What you have to do:
Write every line of the material again exactly, with no pictures in the copy.

Information supplied:
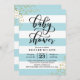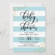 Blue Stripe Glitter Dots Baby Shower Invitation
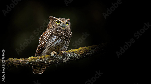 © Anna, Obraz premium An owl perches on a moss-covered branch, eyes wide open against a black background
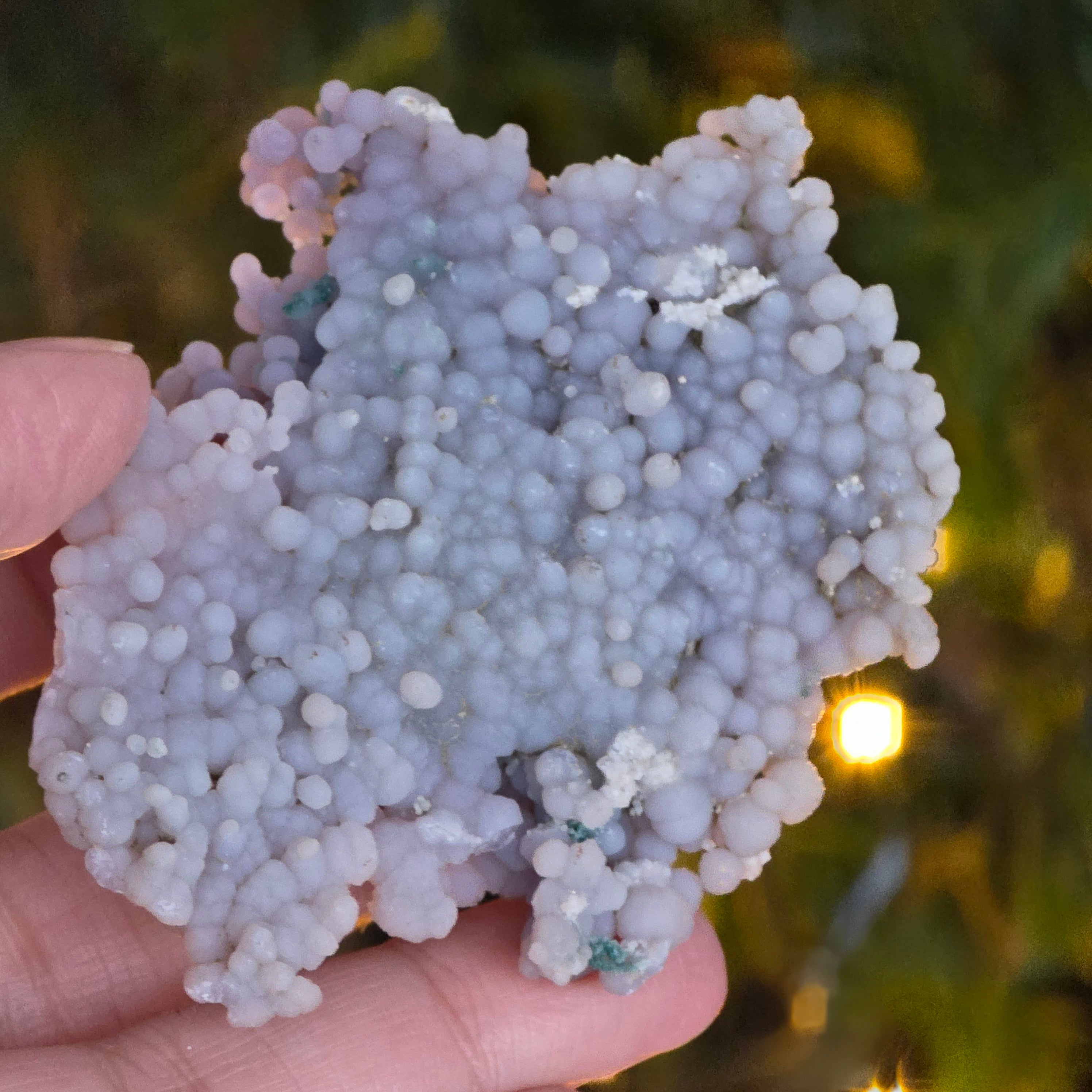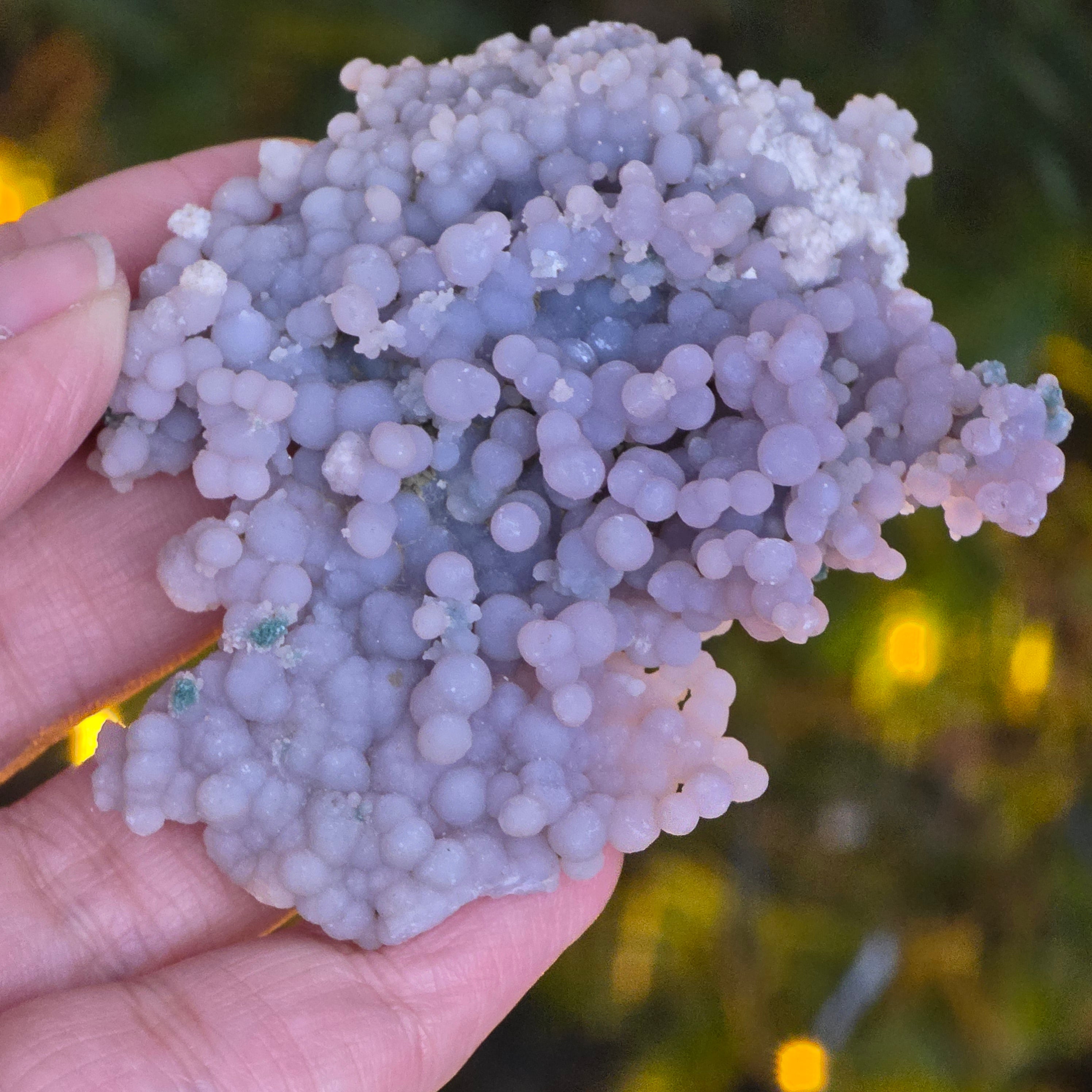Grape agate stands out for its unique patterns, which resemble grapes. These patterns are usually spherical or elliptical shapes, arranged regularly or randomly on the surface of the stone. The color of grape agate can range from shades of purple, pink, blue, green, and brown to more neutral tones such as gray and white.
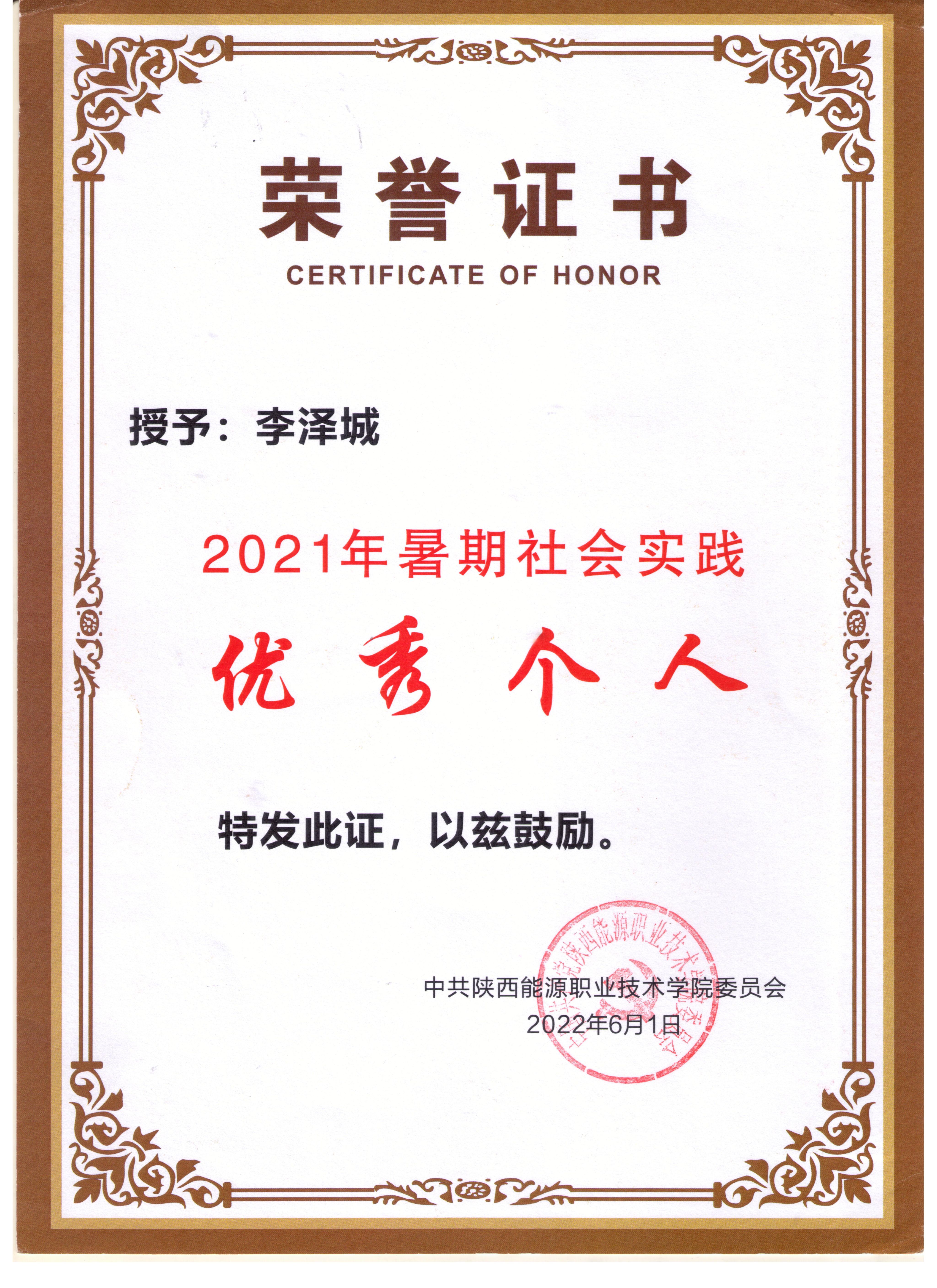1.2024年7月获西安培华学院优秀共产党员荣誉称号;
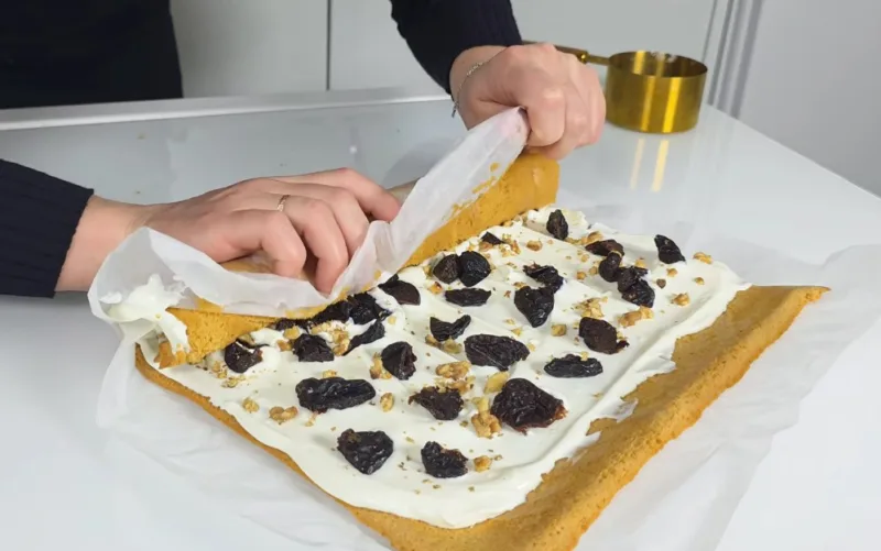 Аккуратно разворачиваем рулет и смазываем его кремом, не доходя до края 2-3 см. Выкладываем на крем чернослив и измельченные орехи, сворачиваем рулет к краю без крема.
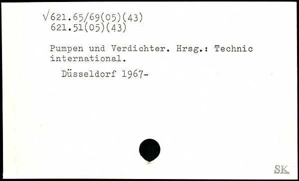 Pumpen und Verdichter. Hrsg.: Technic international. Düsseldorf 1967-
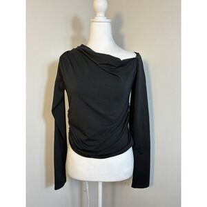J.Crew asymmetrical Neck Long Sleeve Top Sz M Black Minimalist Neutral Goth
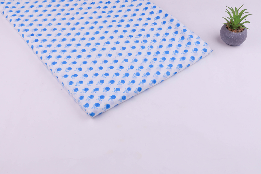 Blue Green Pure Soft Cotton HandBlock Printed Fabric
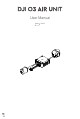 DJI O3 Air Unit DJI O3 Air Unit is an advanced video transmission device featuring DJI long-range low-latency HD transmission O3+ technology. The air unit can be mounted on a racing drone and used with DJI goggles and a remote controller to transmit video, control signals, and flight controller information wirelessly. Diagram 1. Camera 2. Coaxial Cable 8 7 3. Linking Status Indicator 2 4. Link Button 1 5. 3-in-1 Port 3 4 6 5 6. Dual-Band Dual-Polarized Antenna (IPEX1 connector) 7. USB-C Port 8.

Reply:
 Blue Stripe Glitter Dots Baby Shower Invitation
 © Anna, Obraz premium An owl perches on a moss-covered branch, eyes wide open against a black background
Grape agate stands out for its unique patterns, which resemble grapes. These patterns are usually spherical or elliptical shapes, arranged regularly or randomly on the surface of the stone. The color of grape agate can range from shades of purple, pink, blue, green, and brown to more neutral tones such as gray and white.
1.2024年7月获西安培华学院优秀共产党员荣誉称号;
 Аккуратно разворачиваем рулет и смазываем его кремом, не доходя до края 2-3 см. Выкладываем на крем чернослив и измельченные орехи, сворачиваем рулет к краю без крема.
 Pumpen und Verdichter. Hrsg.: Technic international. Düsseldorf 1967-
J.Crew asymmetrical Neck Long Sleeve Top Sz M Black Minimalist Neutral Goth
 Blue Green Pure Soft Cotton HandBlock Printed Fabric
 DJI O3 Air Unit DJI O3 Air Unit is an advanced video transmission device featuring DJI long-range low-latency HD transmission O3+ technology. The air unit can be mounted on a racing drone and used with DJI goggles and a remote controller to transmit video, control signals, and flight controller information wirelessly. Diagram 1. Camera 2. Coaxial Cable 8 7 3. Linking Status Indicator 2 4. Link Button 1 5. 3-in-1 Port 3 4 6 5 6. Dual-Band Dual-Polarized Antenna (IPEX1 connector) 7. USB-C Port 8.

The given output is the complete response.